Every so often, an album arrives that feels less like a release and more like a quiet revelation. Moon Over Mildmay is exactly that - a record that sidles into your life with the intimacy of a late-night conversation and leaves you wondering how this voice has been hiding in plain sight.
Carr has been steadily shaping a reputation across London’s jazz rooms - Hoxton Hall, Vortex Jazz Club, the usual haunts - but here she steps fully into her own light. There’s a confidence, a clarity, a sense of artistic selfhood that places her among the great storytellers: the honesty of Carmen McRae, Liane Carroll’s fearless emotional openness, June Christy’s cool-school understatement, Annie Ross’s quicksilver lyricism, even the occasional flash of Betty Carter’s elastic phrasing when she stretches time to breaking point.
But let’s be clear - Tina Carr isn’t imitating anyone. Her vocal signature is immediate: warm, smoky, conversational, with that slight ache of vulnerability that invites you in rather than holding you at a distance.

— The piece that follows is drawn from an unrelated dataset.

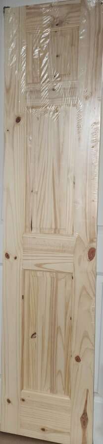 1/6X6/8X1-3/8 Knotty Pine 3 panel door. Door measures 18"X80"X1-3/8" it is new still in plastic.
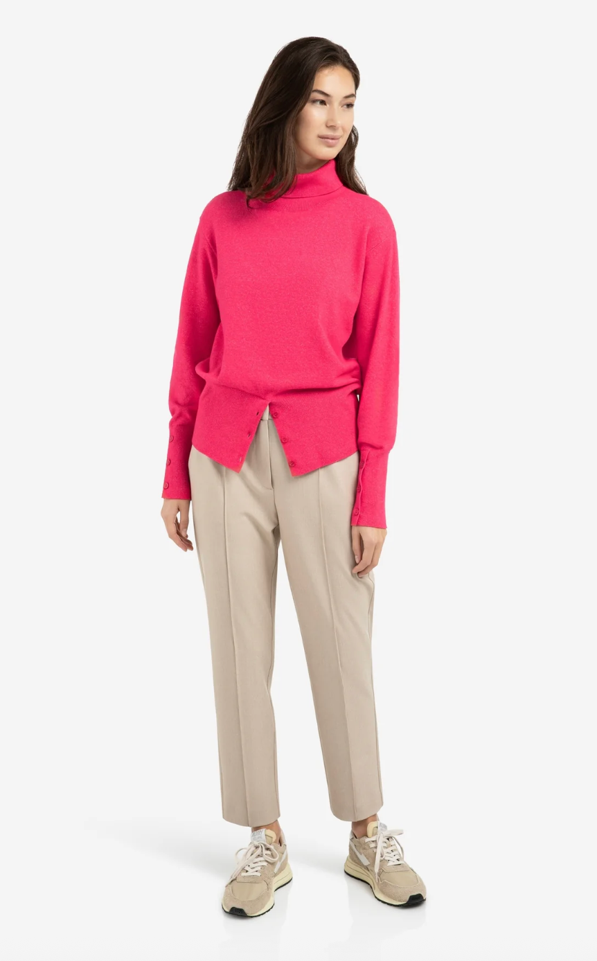 This elegant knitted sweater features a high turtleneck, a loose fit, long sleeves and a fitted waistband. Button details on the waistband and cuffs add a subtle playful touch to the design. Made from a soft and comfortable fabric thats easy to style for various occasions. The model is 175 cm and wears size S.

From the first bars, the album glows with a delicious after-hours atmosphere - shaped in no small part by Miguel Gorodi’s trumpet, which lends the whole record a candlelit, late-set shimmer. The band is a dream: Matt Robinson’s piano is spacious and elegant, Tom Ollendorff’s guitar lines drift like shards of moonlight, and Oli Hayhurst grounds everything with quietly authoritative bass. It’s the kind of ensemble that breathes as one.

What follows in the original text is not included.